§ **TASK TO COMPLETE**: Look below for the line that contains "With a further", then copy it and each following line exactly, through and including the line that contains "Le lendemain midi, le".

§ **TASK DATA**:
=== Begin Enclosure ===

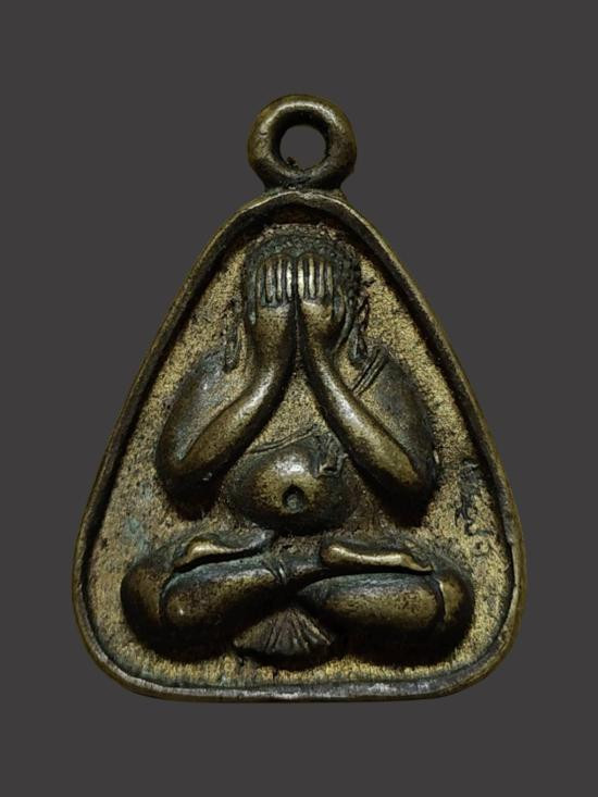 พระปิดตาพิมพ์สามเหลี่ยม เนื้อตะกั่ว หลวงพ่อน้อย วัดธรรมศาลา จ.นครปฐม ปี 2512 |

=== End Enclosure ===
=== Begin Enclosure ===

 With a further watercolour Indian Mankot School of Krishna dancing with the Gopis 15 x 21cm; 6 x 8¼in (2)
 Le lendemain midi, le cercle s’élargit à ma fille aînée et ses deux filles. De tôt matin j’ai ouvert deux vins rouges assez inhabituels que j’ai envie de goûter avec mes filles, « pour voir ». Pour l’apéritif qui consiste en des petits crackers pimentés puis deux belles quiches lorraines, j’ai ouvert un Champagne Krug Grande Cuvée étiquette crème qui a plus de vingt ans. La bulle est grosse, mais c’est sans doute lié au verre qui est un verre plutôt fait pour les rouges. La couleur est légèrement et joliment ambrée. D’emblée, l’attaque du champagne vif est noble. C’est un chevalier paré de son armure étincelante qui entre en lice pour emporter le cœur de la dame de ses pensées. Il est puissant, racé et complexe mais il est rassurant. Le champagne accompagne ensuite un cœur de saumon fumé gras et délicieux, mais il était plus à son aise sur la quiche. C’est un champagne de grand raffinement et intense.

=== End Enclosure ===

§ **ANSWER SECTION**:
 With a further watercolour Indian Mankot School of Krishna dancing with the Gopis 15 x 21cm; 6 x 8¼in (2)
 Le lendemain midi, le cercle s’élargit à ma fille aînée et ses deux filles. De tôt matin j’ai ouvert deux vins rouges assez inhabituels que j’ai envie de goûter avec mes filles, « pour voir ». Pour l’apéritif qui consiste en des petits crackers pimentés puis deux belles quiches lorraines, j’ai ouvert un Champagne Krug Grande Cuvée étiquette crème qui a plus de vingt ans. La bulle est grosse, mais c’est sans doute lié au verre qui est un verre plutôt fait pour les rouges. La couleur est légèrement et joliment ambrée. D’emblée, l’attaque du champagne vif est noble. C’est un chevalier paré de son armure étincelante qui entre en lice pour emporter le cœur de la dame de ses pensées. Il est puissant, racé et complexe mais il est rassurant. Le champagne accompagne ensuite un cœur de saumon fumé gras et délicieux, mais il était plus à son aise sur la quiche. C’est un champagne de grand raffinement et intense.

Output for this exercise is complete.